There's a few important lessons in this example. The first lesson is that RAM faults can remain undetected for a relatively long time. This may be partly due to the CPUs caches (for e.g. if data is written to the cache and the faulty RAM and then read back from the cache, then corrupt data in RAM isn't used) and partly because a relatively large amount data stored in RAM can be modified with no noticeable problem - a pixel with a slightly different color in some graphics data, a digitized sound with slightly more "noise", etc.

The second lesson is that the RAM test done by the BIOS is almost entirely useless. In my experience it's capable of detecting incorrectly inserted RAM modules and major RAM faults, but subtle errors and intermittent errors are (almost) never detected. To detect if RAM is faulty you need to use a tool designed to test RAM properly (e.g. http://www.memtest.org/), but most people don't use a stand-alone tool regularly - they wait until they suspect problems, and by then it's too late...

If you're lucky you'll never see a RAM failure. If you're unlucky RAM failures can be one of the most insidious hardware errors possible. The best solution is to use ECC RAM, however ECC RAM is significantly more expensive (often close to twice the price of standard RAM), and for this reason it's rarely used except for servers.

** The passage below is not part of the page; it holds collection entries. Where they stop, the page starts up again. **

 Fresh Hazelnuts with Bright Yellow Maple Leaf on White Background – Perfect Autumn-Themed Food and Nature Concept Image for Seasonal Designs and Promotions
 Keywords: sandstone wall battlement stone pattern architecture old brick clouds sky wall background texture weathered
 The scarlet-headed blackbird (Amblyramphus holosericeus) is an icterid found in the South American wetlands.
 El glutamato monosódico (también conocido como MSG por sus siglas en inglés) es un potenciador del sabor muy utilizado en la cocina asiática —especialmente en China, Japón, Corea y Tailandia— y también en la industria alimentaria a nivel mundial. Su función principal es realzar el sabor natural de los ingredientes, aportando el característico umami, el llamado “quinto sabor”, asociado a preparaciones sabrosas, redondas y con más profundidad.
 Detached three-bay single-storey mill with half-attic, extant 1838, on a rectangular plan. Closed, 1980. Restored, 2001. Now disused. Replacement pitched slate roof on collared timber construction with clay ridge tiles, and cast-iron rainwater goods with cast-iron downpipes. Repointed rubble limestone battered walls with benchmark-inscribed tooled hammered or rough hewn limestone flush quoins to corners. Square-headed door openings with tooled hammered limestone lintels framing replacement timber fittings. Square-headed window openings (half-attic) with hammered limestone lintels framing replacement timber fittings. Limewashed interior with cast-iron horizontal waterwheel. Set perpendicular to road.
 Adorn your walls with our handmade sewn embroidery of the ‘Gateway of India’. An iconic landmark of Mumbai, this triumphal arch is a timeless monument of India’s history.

1.2   The Faulty RAM List File

For the purpose of fault tolerance, the operating system is capable of detecting and avoiding areas of faulty RAM. To do this, the "Faulty RAM List" file is used to keep track of areas of RAM that shouldn't be used by the operating system. In addition, the "Faulty RAM List" file is used to control features designed to detect faulty RAM areas.

The "Faulty RAM List" file is one of the very first files used during boot, so that faulty/unreliable areas of RAM can be avoided from an early stage. While the OS is running changes to this file may be made automatically by the OS (e.g. if additional faulty areas are detected) or manually by administrators (e.g. if certain fault tolerance features are enabled or disabled). This means that new areas of faulty RAM detected while the operating system is running are "remembered" and not used after rebooting.


2   General File Structure

The basic structure of the file is described in Figure 2.1: File Layout.

_End of file

 Faulty RAM List Entries 

_Offset obtained from extended header
 Extended Header 
_Offset 32
 Generic File Header 
_Offset 0

Figure 2.1 - File Layout

Note: This file format is designed to allow for future expansion. Future versions of this specification may increase the size of the extended header, or add additional areas between the extended header and the faulty RAM list entries, or define new meanings to any reserved fields in the extended header. Code written to handle faulty RAM lists that comply with this specification should also be able to handle faulty RAM lists that comply with future versions of this specification.


3   File Format

3.1   Generic File Header

This is the native file format header defined in BCOS Native File Format Specification.


3.2   Extended Header

The extended header follows the generic file header, and is described in Table 3.1: Extended Header Format.

OffsetSizeDescription
  0x00000020
  1 byte
  Faulty RAM List version number minor (see Subsection 3.2.1: Faulty RAM List Version Numbers (Major and Minor))
  0x00000021
  1 byte
  Faulty RAM List version number major (see Subsection 3.2.1: Faulty RAM List Version Numbers (Major and Minor))
  0x00000022
  1 byte
  RAM Test Control Flags (see Subsection 3.2.2: RAM Test Control Flags)
  0x00000023
  1 byte
  Scheduled Boot RAM Test Passes (see Subsection 3.2.3: Scheduled Boot RAM Test Passes)
  0x00000024
  4 bytes
  Platform ID (see Subsection 3.2.4: Platform ID)
  0x00000028
  4 bytes
  32-bit offset within file for start of Faulty RAM List Entries (see Section 3.3: Faulty RAM List Entries)
  0x0000002C
  4 bytes
  32-bit offset within file for byte after Faulty RAM List Entries (see Section 3.3: Faulty RAM List Entries)
Table 3.1 - Extended Header Format


3.2.1   Faulty RAM List Version Numbers (Major and Minor)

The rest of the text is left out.